§ The testing framework

Would this strategy actually have made money?

A shared backtesting harness for the Minutemen Alternative Investment Fund. Every member's strategy runs through the same pipeline — same data, same metrics, same stress tests — so results are directly comparable instead of each person producing a different one-off notebook that can't be graded against anyone else's.

§ Exhibit 01 The equity race

Three strategies, one window.

Representative equity curves across 2022–2025 on SPY. The covered-call writer outperforms the underlying by nearly 40 percentage points; a mechanical SMA crossover roughly matches buy-and-hold after frictions.

Intermediate shape is synthesized from the published endpoint returns — actual per-day series ship once export_scorecard_json() lands.

Equity · Index = 100 · 2022 → 2025
Representative · pending JSON export
Covered CallSPY+0.0%
SMA CrossoverSPY+0.0%
Buy & HoldSPY+0.0%
§ 01 — 03 Three stress tests, standard

Survive more than one way of being wrong.

  1. § 01

    Monte Carlo stress

    Six synthetic-data generators — GBM, block bootstrap, regime switching, noise injection, Heston stochastic vol, and the trained cGAN — run automatically. If a strategy shows positive Sharpe on pure GBM noise, it is overfitting.

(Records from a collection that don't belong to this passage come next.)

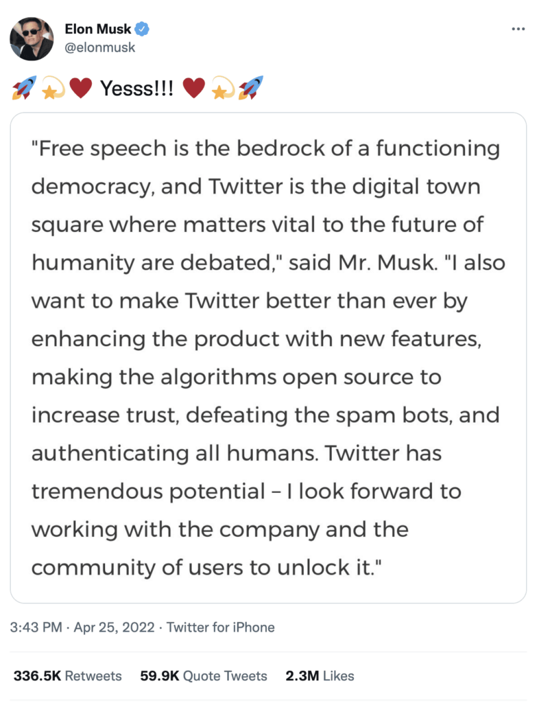 With news breaking that Elon Musk will be acquiring Twitter for $44 billion, the possibilities are endless for where he could lead Twitter. One likely change is that twitter may be moving towards web3 consensus mechanisms. Elon recently tweeted “I hope that even my worst critics remain on Twitter, because that is what free speech means,” potentially implying Twitter’s new direction to be a more decentralized ecosystem that does not incentivize gate keepers to “mistakenly” ban certain targeted users or coincidentally remove tweets.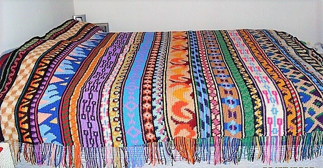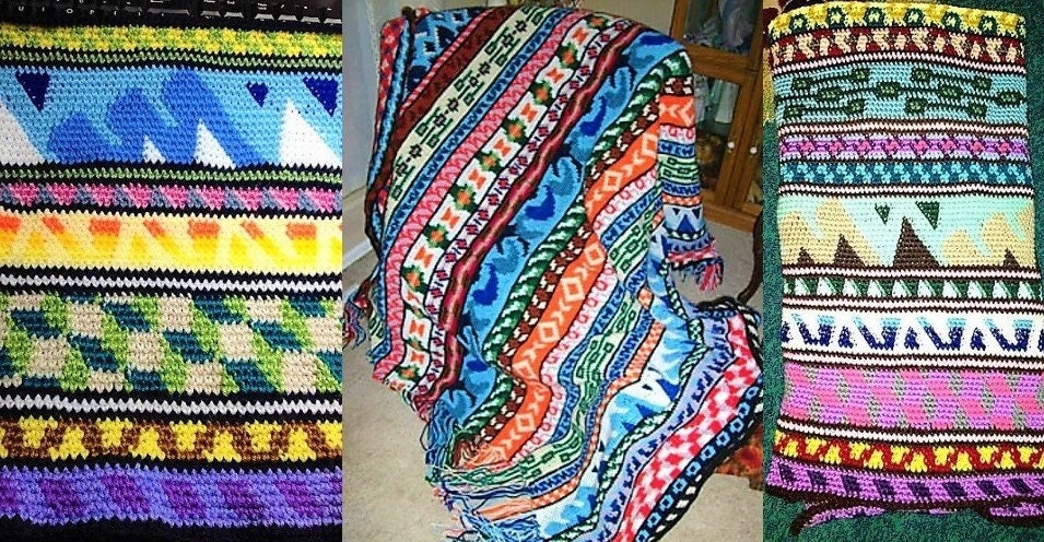 Colors are carried over and designs are worked in from a chart. Easy written row-by-row instruction is also included. Colors required are not provided as this project is to be made in colors of YOUR choice :) ! The color photo provided could be used for guidance.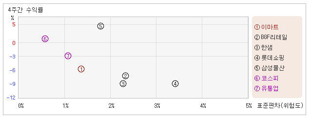 | 이마트 | 1.3% | -7.4% | -5.6 |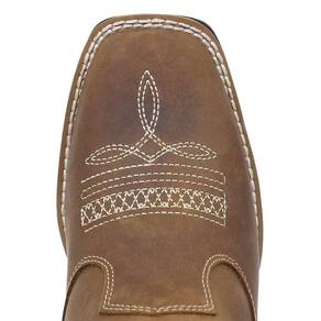 Botina feminina Zebu fabricada em couro na cor Marrom, possui cano curto com elásticos laterais, bico quadrado com florão costurado no peito do pé, vira costurada e solado de borracha.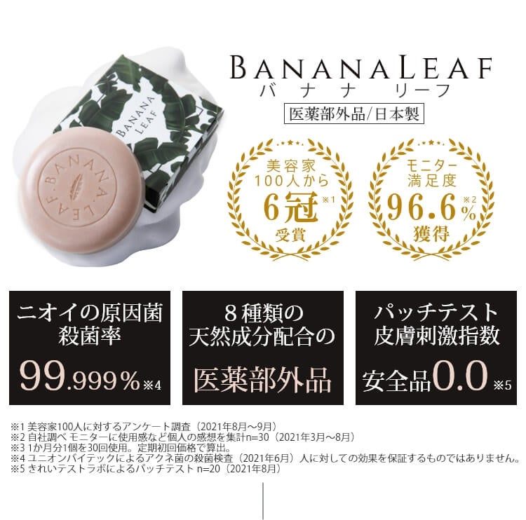 BANANA LEAFはニキビやワキガ・体臭に悩む女性に特化して作られた「医薬部外品ニキビ&体臭ケアせっけん」です。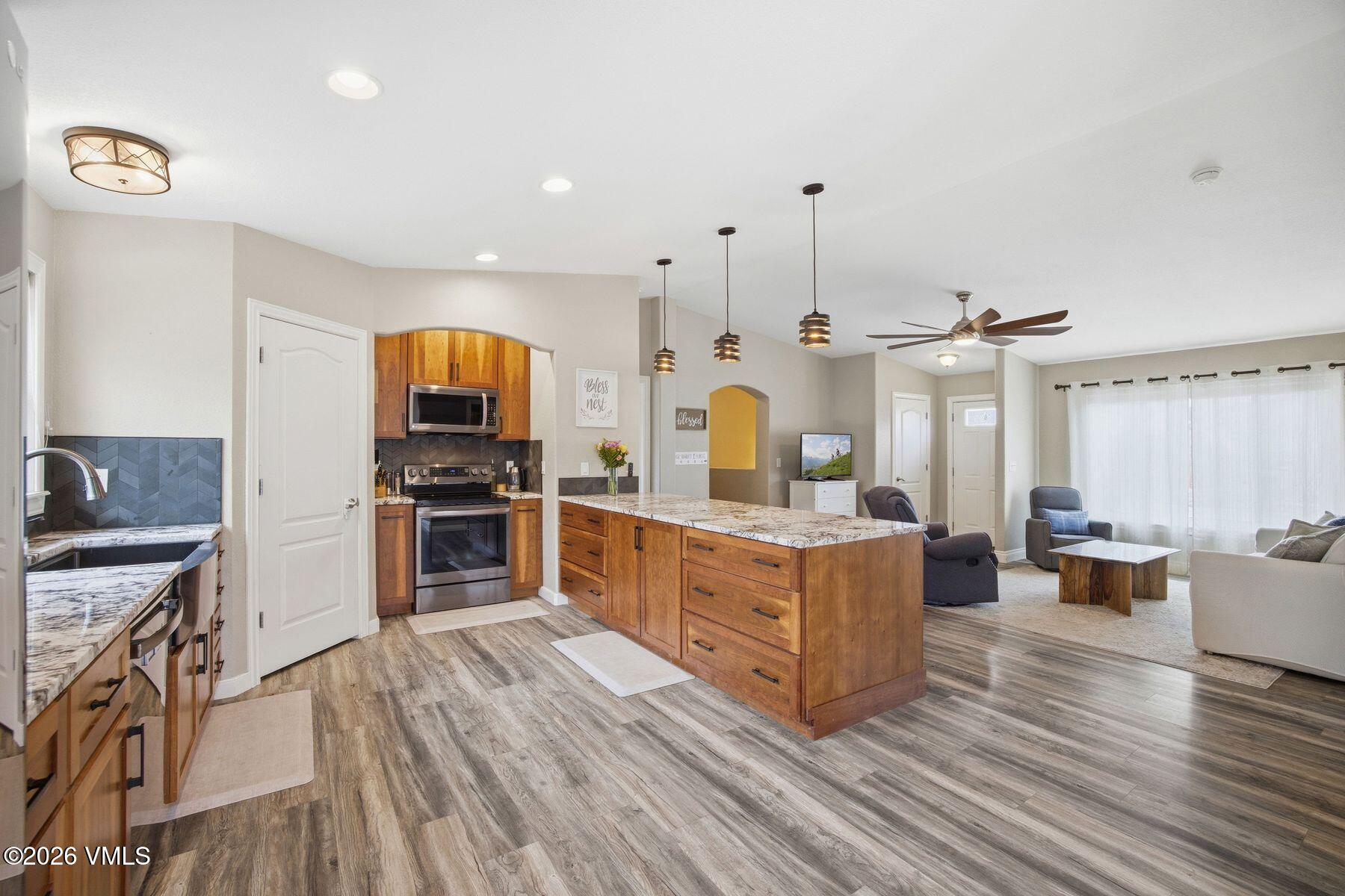 An oversized two-car garage and a 40-foot concrete parking pad provide abundant space for vehicles, gear, or recreational toys. With no HOA and close proximity to schools, dining, shopping, and trail systems, this home offers an exceptional blend of lifestyle, location, and livability.

    280+ backtests · per scorecard
  2. § 02

    GAN regime scenarios

    A conditional Wasserstein GAN trained on four real SPY regimes — bullish, bearish, sideways, crash — generates unlimited synthetic paths that preserve regime-specific volatility clustering and tail behavior.

  3. § 03

    Engine divergence

    Every strategy runs through both a bar-based engine (market orders at next open) and an event-driven engine (stop / limit / OCO fills intrabar). If the engines disagree, the strategy's edge is sensitive to execution — a flag that live results will differ.

“The disagreement is the point. A strategy that only works under one engine, one asset, or one historical window isn't a strategy — it's a fit.”
§ For MAIF Plug in

Write a strategy. Get a scorecard.

Three lines of user code, one 4-page scorecard PNG, letter grades on every dimension. Members bring their own logic; the framework handles data, execution, frictions, stress tests, and reporting.